It would also be desirable to provide new methods using the capabilities of depth sensors and RGB-D datasets in order to improve the quality, robustness and/or speed of various face processing tasks.

According to the invention, these aims are achieved by means of a face processing method for processing data representing a face, said method being defined in claim <NUM>.

The use of a depth map (i.e. a <NUM>. 5D dataset) is advantageous since it improves the precision and robustness of the pose estimation step.

The use of visible light data is advantageous since it allows a detection of features that depends on skin colour or texture for example.

The use of near-infrared (NIR) image data is advantageous since it is less dependent on illumination conditions than visible light data.

This method is based, inter alia, on the founding that a noisy point in the depth map is more likely to be associated with a less discriminative part of the face than with a highly discriminative part of the face. For example, hairs often create a lot of noise in the depth map, and have only a very limited discriminative value. The method thus detects those portions of the face which are covered by hairs and generate noisy points in the depth map, and disregard or underweight the corresponding points of the depth map and/or the corresponding pixels of the 2D RGB or near-infrared pixel map.

Therefore, a confidence value is computed for at least some points of the depth map. This confidence value is useful in order to determine the most discriminative points of the depth map, respectively the most discriminative pixels of the pixel maps. Further face processing methods could use this information for example in order to overweight points or pixels with a high confidence value, and underweight or disregard points or pixels with a low confidence value.

The method is also based on the founding that the noise level and/or the type of noise associated with each point of the depth map is correlated with the informative value of the corresponding pixels of the 2D RGB pixel map.

For example, since noise could be caused by dust on the optic, a noisy point in the depth map is more likely to correspond to a noisy pixel in the RGB pixel map.

Therefore, a confidence value depending, at least in part, on the determination of noise parameter associated with the corresponding point in the depth map could be computed for each pixel of the pixel map.

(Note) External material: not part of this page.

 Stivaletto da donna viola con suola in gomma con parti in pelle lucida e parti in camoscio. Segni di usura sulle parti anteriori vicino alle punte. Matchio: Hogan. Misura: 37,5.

The noise parameter associated with one point of the depth map may depend on the noise level. It may correspond to the signal-to-noise ratio, or to another value representing the level of noise. The noise parameter may also depend on the type of noise, for example whether it is a random noise, thermal noise, shot noise, flicker noise, etc..

The confidence value could be used, for example, in order to determine which pixels of the pixel map should be used and which one should be discriminated for a given face processing task. It could also be used for weighting different pixels depending on their confidence value.

The confidence value could be used, for example, in order to determine which points of the depth map should be used and which one should be discriminated for a given face processing task. It could also be used for weighting different points depending on their confidence value.

The confidence value associated with a pixel of the RGB pixel map could further depend on other parameters. In one example, the confidence value depends on the saturation level of the pixel in the RGB pixel map.

The confidence value could also depend on the coordinate position of the pixel - pixels near the borders of the image are more likely to be blurred or affected by lens vignetting than pixels near the centre of the image.

The confidence value of a point could also depend on its position in the face. For example, the upper half of a face (except for the hairs) is more discriminative and less mobile than the lower part and mouth region, which are less individual and more likely to move.

The invention, as defined in claim <NUM>, allows to determine a confidence value associated with at least some of the features used in the face processing method, for example features used for classifying data representing images of faces. The computation of the feature confidence value thus depends on the noise parameter associated with each pixel used in the extraction of the feature.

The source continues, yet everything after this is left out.